--- RECORDS SHOWN Enclosed Below ---
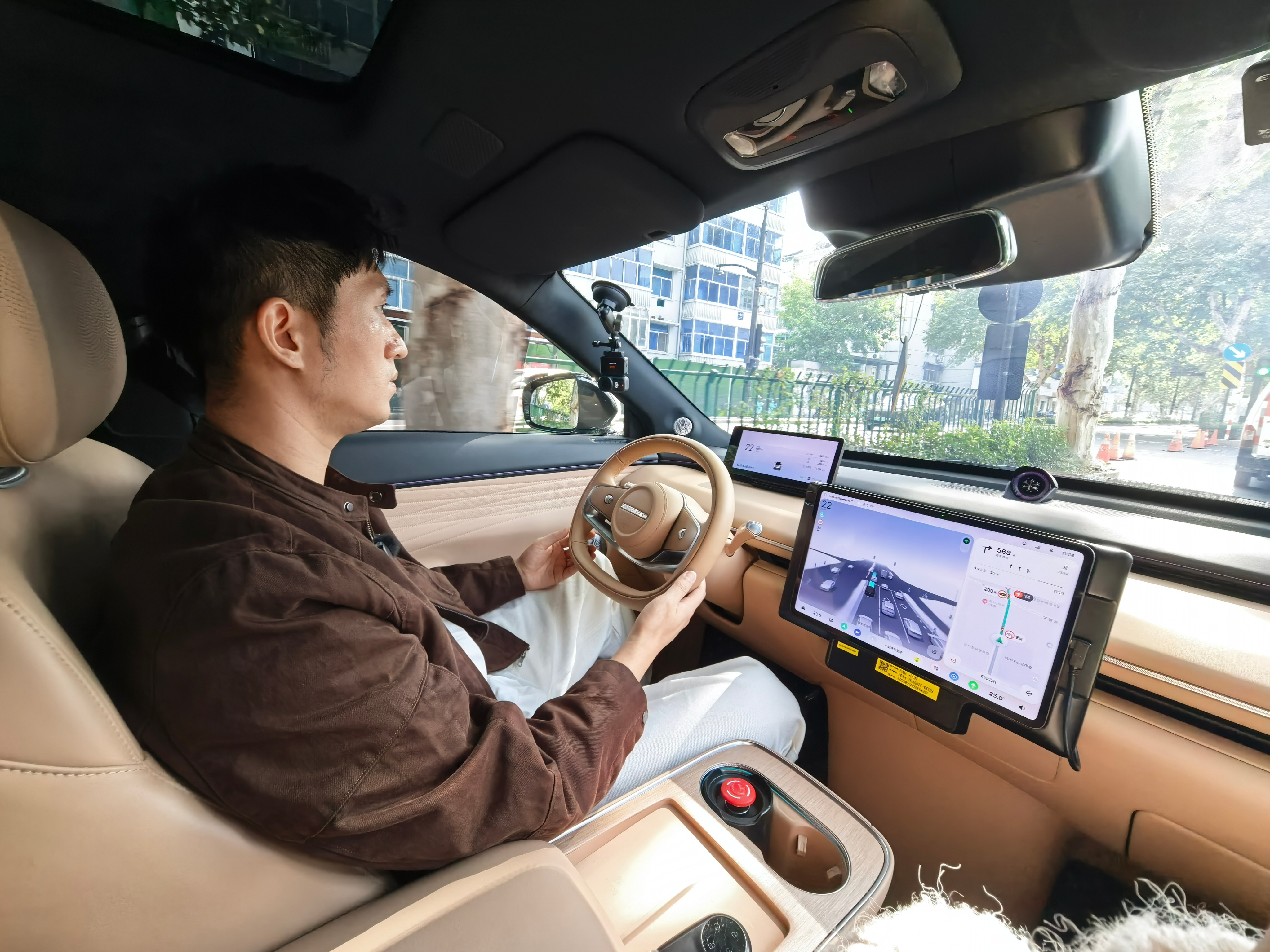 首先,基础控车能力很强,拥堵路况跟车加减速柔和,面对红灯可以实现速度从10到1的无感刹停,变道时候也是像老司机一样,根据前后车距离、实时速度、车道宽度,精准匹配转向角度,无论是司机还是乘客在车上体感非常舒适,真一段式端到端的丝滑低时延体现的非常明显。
--- End of Enclosed RECORDS SHOWN ---
--- RECORDS SHOWN Enclosed Below ---
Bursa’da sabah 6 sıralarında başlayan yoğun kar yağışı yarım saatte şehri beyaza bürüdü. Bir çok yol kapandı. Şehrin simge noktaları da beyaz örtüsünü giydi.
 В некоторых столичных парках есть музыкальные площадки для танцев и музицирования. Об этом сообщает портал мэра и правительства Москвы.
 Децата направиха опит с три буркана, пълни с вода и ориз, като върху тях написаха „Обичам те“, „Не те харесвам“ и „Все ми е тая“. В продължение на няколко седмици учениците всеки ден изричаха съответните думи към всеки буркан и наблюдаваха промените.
--- End of Enclosed RECORDS SHOWN ---
Write out exactly the lines above between the line with "Bursa’da sabah 6" and the line with "Децата направиха опит", inclusive, and nothing beyond them.

Bursa’da sabah 6 sıralarında başlayan yoğun kar yağışı yarım saatte şehri beyaza bürüdü. Bir çok yol kapandı. Şehrin simge noktaları da beyaz örtüsünü giydi.
 В некоторых столичных парках есть музыкальные площадки для танцев и музицирования. Об этом сообщает портал мэра и правительства Москвы.
 Децата направиха опит с три буркана, пълни с вода и ориз, като върху тях написаха „Обичам те“, „Не те харесвам“ и „Все ми е тая“. В продължение на няколко седмици учениците всеки ден изричаха съответните думи към всеки буркан и наблюдаваха промените.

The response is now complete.